NEW YORK, N.Y. — Reflective of the times in the wake of the mini-banking crisis of early 2023, Steve McLaughlin‘s outlook for the fintech market wasn’t entirely positive, but the entrepreneurial spirit was still there for his closing keynote speech at Fintech Nexus USA 2023.
“It turns out that even when the market is tough, and even when everyone’s licking their wounds, and quote-unquote, ‘no one’s getting capital,’ if you have the right business ball on the right day and in the right situation, there is capital going to certain companies,” said McLaughlin, the fintech entrepreneur and banking stalwart who founded his fintech boutique bank FT Partners in 2002, while describing a recent quest for investment in a client company.
“We just raised $125 million. It was massively oversubscribed for a company at $2.5 billion and literally no revenue. Not because they lost all the revenue … the optimism around the story was quite high. Even though we got turned down by many, many investors, we still got multiple investors to come in, and some are still banging on the door because the story itself was quite interesting.
“A lot of it is you have to kind of willpower yourself to success into capital, which is what they and we did in that case on the M&A front.”
‘Market has blown up a bit’
Still, McLaughlin told Oak HC/FT‘s Patricia Kemp, fielder of questions with McLaughlin on stage at the Javits Center, the “market has blown up a bit,” and the financial forecast is “pretty rough right now.”

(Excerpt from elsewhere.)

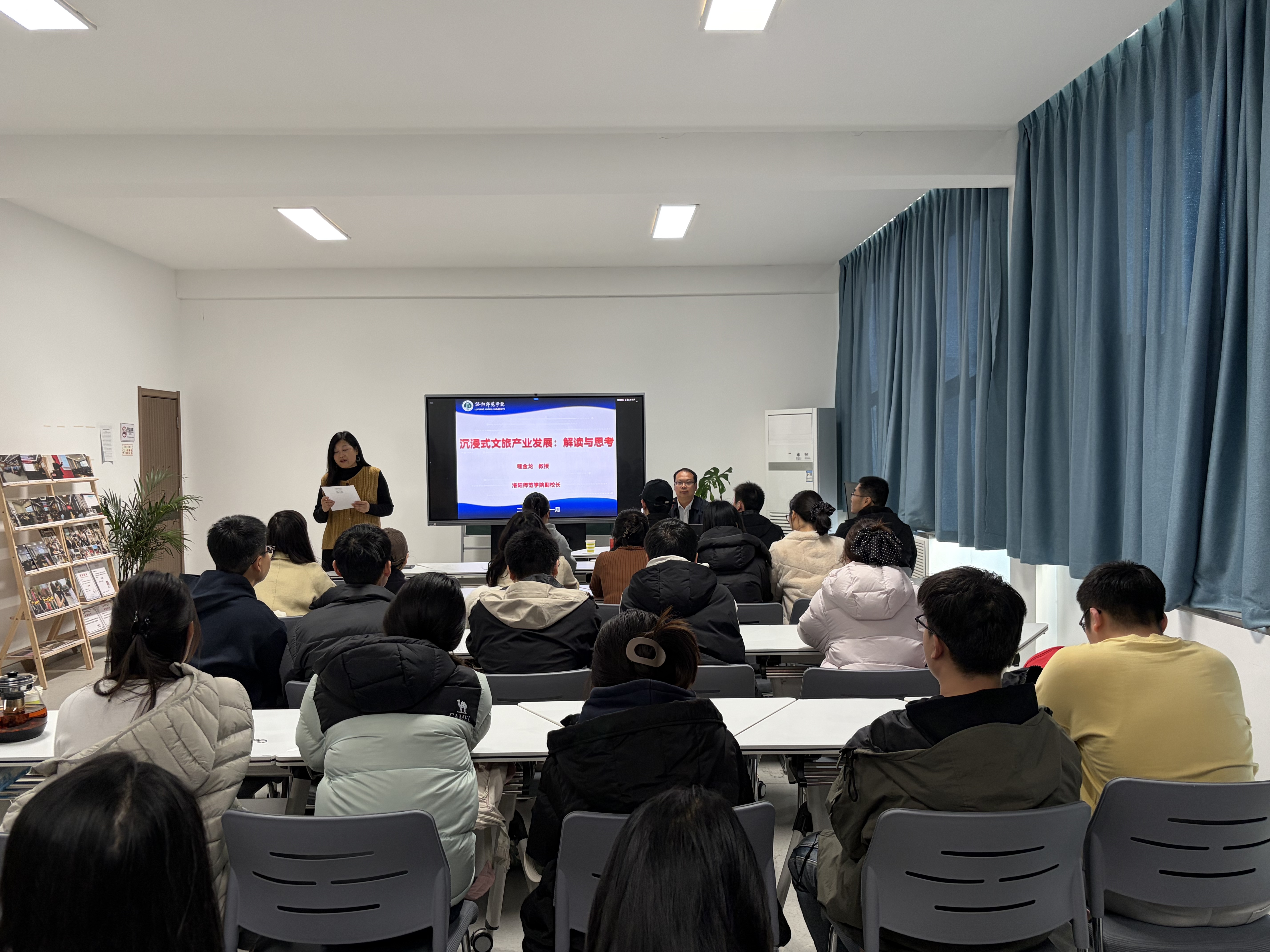 为深化我校师生对文旅产业前沿趋势的认知,推动专业学习与行业实践深度融合,1128日下午,应地理与旅游学院邀请,洛阳师范学院程金龙教授莅临我院,在学院二楼大数据与智慧旅游实验室作题为《沉浸式文旅产业发展:解读与思考》的专题学术讲座。学院副院长王二红主持讲座,学院师生50余人参会学习。

“We produce a lot of data and information, and we have a tremendous amount of insight on what the activity is,” said McLaughlin. “When you look at all the bar charts of how financing activity went up, and M&A activity went up and how it’s kind of come down. And every quarter, it just keeps going down and down and down.
“What you don’t realize is the bars were this high before, and now they’re this high, but what’s in the bar that was that high is a bunch of down rounds, inside rounds, inflated rounds, death deals, cannabis equity deals, a bunch of hot company deals for AI-driven companies and things like that. And there’s not that much in there at all related to a $50-million round for a company growing 35 percent, burning $20 million. You’re not seeing investors chase after those kinds of deals right now, even if it’s a really good and healthy company to some extent.”
There’s that ‘creative’ word again
Still, there’s that word ‘creative’ suggesting investors are looking for opportunities, said McLaughlin.
He used the example of Global Payments selling Netspend to Rev Worldwide via Searchlight Capital, calling it “really creative deal-making.”
“You’re seeing some really interesting things happen on the M&A front, but you aren’t seeing tons of irregular-way M&A,” McLaughlin said. “I do know multiple deals coming down the pike that are sort of regular-way good deals, and all that kind of stuff, too. We’ve been involved in a bunch of them. But it’s creative time, quite frankly.”